Although the present invention has been described in detail above with reference to the presented embodiments, those skilled in the art will be able to make various variations and modifications without departing from the technical spirit of the present invention by referring to the presented embodiments. . The present invention is not limited by such variations and modifications, but is limited by the claims appended below.

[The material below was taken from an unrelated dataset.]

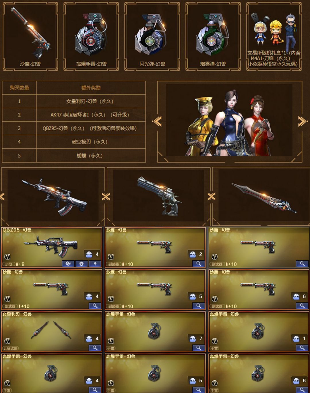 绝版蝴蝶幻兽套❤冠军幻神音效卡❤白虎AG冠军QBZ冠军之特❤宠儿雷神N9赛事荣耀套❤7音效卡满生化

11: chamber space 12: electrostatic chuck
13: lift ring 14a, 14b: linear gear
15a, 15b: Lift axis 17a: Internal shower head
17b: external shower head 18: baffle
42: gas movement wall 121, 131, 171: heater

Claims (10)

A susceptor disposed inside the chamber space (11);
Lift rings 13 formed on both sides of the susceptor; and
It includes a moving means for moving the lift ring 13 up and down,
The wafer (W) can move up and down above the susceptor by moving the lift ring 13 up and down,
The shell further includes an internal shower head (17a) and an external shower head (17b) disposed at the upper part of the chamber space (11), and a shower head heater (171) is disposed on the internal shower head (17a). Etching process chamber. delete The shallow etching process chamber according to claim 1, further comprising a baffle (18) disposed between the inner shower head (17a) and the outer shower head (17b). The shallow etch process chamber of claim 3, wherein the raised lift ring (13) contacts the baffle (18). The shallow etching process chamber according to claim 1, wherein a process space is formed between the internal shower head (17a) and the wafer (W) by the raised lift ring (13). The shallow etching process chamber according to claim 1, further comprising a ring heater (131) disposed inside the lift ring (13). The shallow etching process chamber according to claim 1, wherein the moving means comprises linear gears (14a, 14b) and lift axes (15a, 15b) movable along the linear gears (14a, 14b). The shallow etching process chamber of claim 1, further comprising an internal shower head (17a) and a moving gas wall (42) movable up and down to surround an upper portion of the internal shower head (17a). The shallow etch process chamber of claim 1, wherein a flow path is formed in the baffle (18). The method of claim 4, wherein the lift ring 13 is in contact with the bottom surface of the baffle 18, in contact with a portion of the bottom surface of the baffle 18, or in contact with the bottom surface and the inner surface of the baffle 18. Cellular etching process chamber.